Thursday, July 31, 2008

Briefly: Lantos retires, Gül to visit U.S., Russia supplies Iran with nuclear fuel and Putin “Person of the Year.”

This was originally published in January 5, 2008 Armenian Reporter.

by Emil Sanamyan

Congressman Lantos announces retirement
Foreign Affairs Committee chair Rep. Tom Lantos (D.-Calif.) said on January 2 that he will retire from Congress at the end of 2008. “Routine medical tests have revealed that I have cancer of the esophagus,” Rep. Lantos said in a statement. “In view of this development and the treatment it will require, I will not seek re-election.”

Rep. Lantos, together with Speaker Nancy Pelosi, played a key role in assuring the passage of the Armenian Genocide resolution in the Foreign Affairs Committee last October. Rep. Lantos described that vote to PBS as “a significant step in restoring the moral authority of U.S. foreign policy.”

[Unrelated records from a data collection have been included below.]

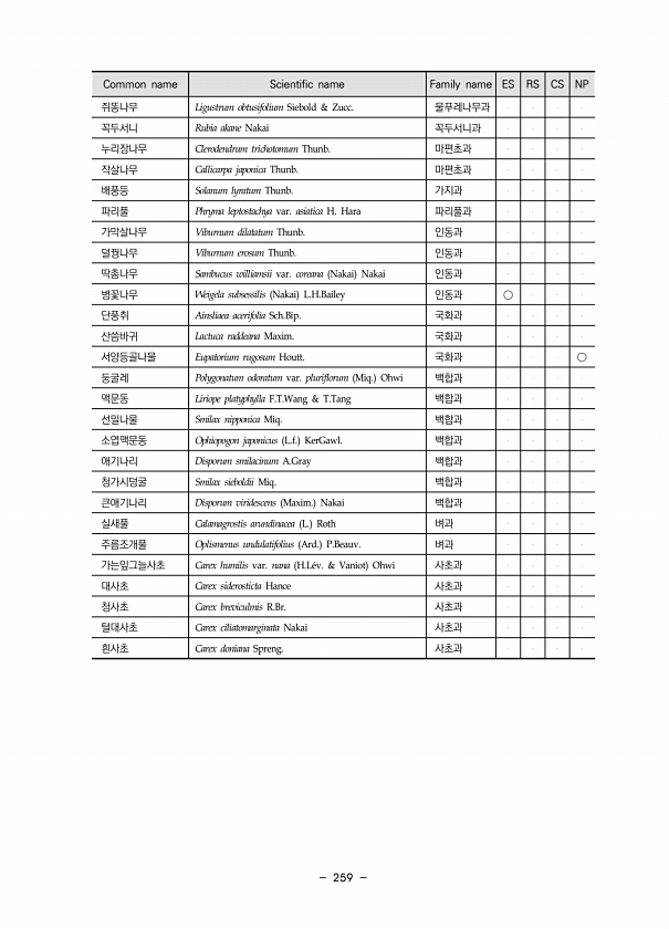 259 Common name Scientific name Family name ES RS CS NP 쥐똥나무 Ligustrum obtusifolium Siebold & Zucc. 물푸레나무과 꼭두서니 Rubia akane Nakai 꼭두서니과 누리장나무 Clerodendrum trichotomum Thunb. 마편초과 작살나무 Callicarpa japonica Thunb. 마편초과 배풍등 Solanum lyratum Thunb. 가지과 파리풀 Phryma leptostachya var. asiatica H. Hara 파리풀과 가막살나무 Viburnum dilatatum Thunb. 인동과 덜꿩나무 Viburnum erosum Thunb. 인동과 딱총나무 Sambucus williamsii var. core...
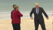 CLEAN: Exterior shots of British Prime Minister Boris Johnson and wife Carrie on Carbis Bay Beach and welcoming the Chancellor of Germany Angela Merkel and husband Joachim Sauer to the G7 Summit on 11th June 2021 Carbis Bay, United Kingdom.
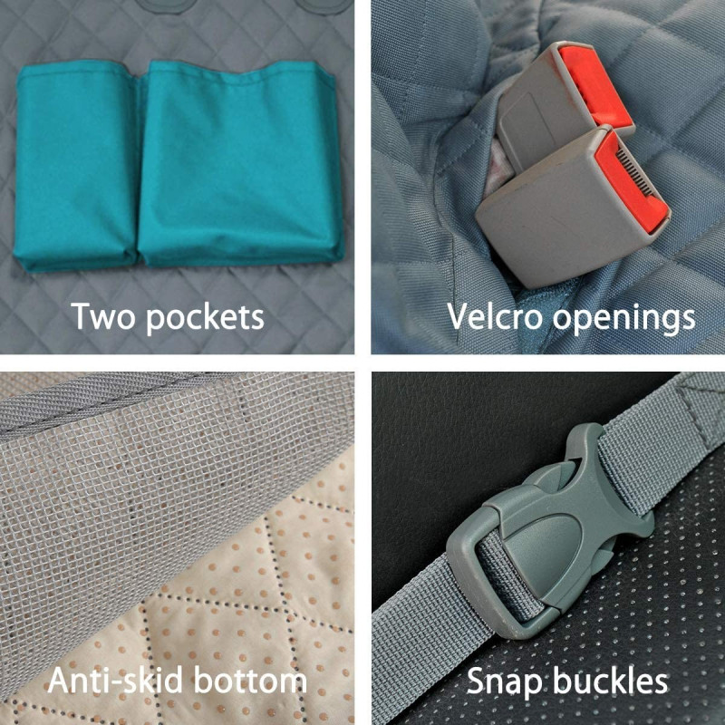 Нашето покривало е универсално и подходящо за повечето превозни средства. Лесно се монтира и сваля, което ви осигурява удобство и практичност. То е снабдено с два отвора за предпазния колан, което гарантира безопасността на вашия любимец при пътуване. И не на последно място, нашето покривало е снабдено с цип, който Ви позволява да наслаждавате на пътуването си заедно с човек на задната седалка.
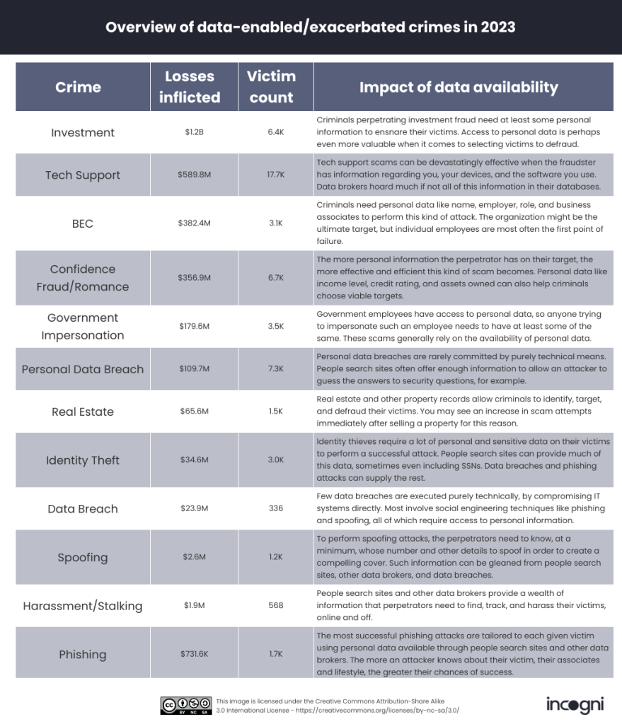 The Incogni researchers identified 12 crime categories (out of 30) that may be made possible or worse if criminals have access to the information data brokers deal with. The chart the researchers put together identifies those categories and provides some striking examples:

Until 2005, Mr. Lantos – the only Holocaust survivor in Congress – opposed similar resolutions, citing Turkey’s importance to the U.S. and Israel. Rep. Lantos, who will turn 80 next month, has represented a San Francisco-area congressional district since 1980 and for over a decade has been one of the most influential congressional voices on foreign affairs.

Should Democrats retain their congressional majority next year, Rep. Lantos is likely to be replaced as committee chair by Rep. Howard Berman (D.-Calif.), a member of the Armenian Caucus and a supporter of Armenian-American issues.

On January 3, Rep. Lantos’ hometown newspaper, the San Mateo Daily News, reported that former California State Senator Jackie Speier (D.-San Mateo), who is of Armenian descent, had been planning a run for Rep. Lantos’ seat even before his retirement announcement. At this time, Rep. Anna Eshoo (D.-Calif.) is the only member of Congress of Armenian descent.

Turkish president to visit United States
President Abdullah Gül of Turkey has been invited to visit the United States next week. He will meet President George W. Bush at the White House on January 8 and will then travel to New York for a meeting with the United Nations’ Secretary General Ban Ki-Moon.

Turkish media report that talks in Washington will focus on Turkey’s concerns over Kurds and in New York – over Cyprus. Gül’s will be the first visit by Turkish president to the United States since 1996.

“Obviously President Gül’s visit to the White House will reconfirm the importance attached to our bilateral ties,” the Turkish Daily News cited an anonymous Turkish diplomat as saying on January 2. “We are satisfied with the new intelligence sharing system and looking forward to deepening our cooperation,” he said in reference to assistance the U.S. has begun to provide Turkey since an early November meeting between President Bush and visiting Turkish Prime Minister Recep Tayyip Erdogan.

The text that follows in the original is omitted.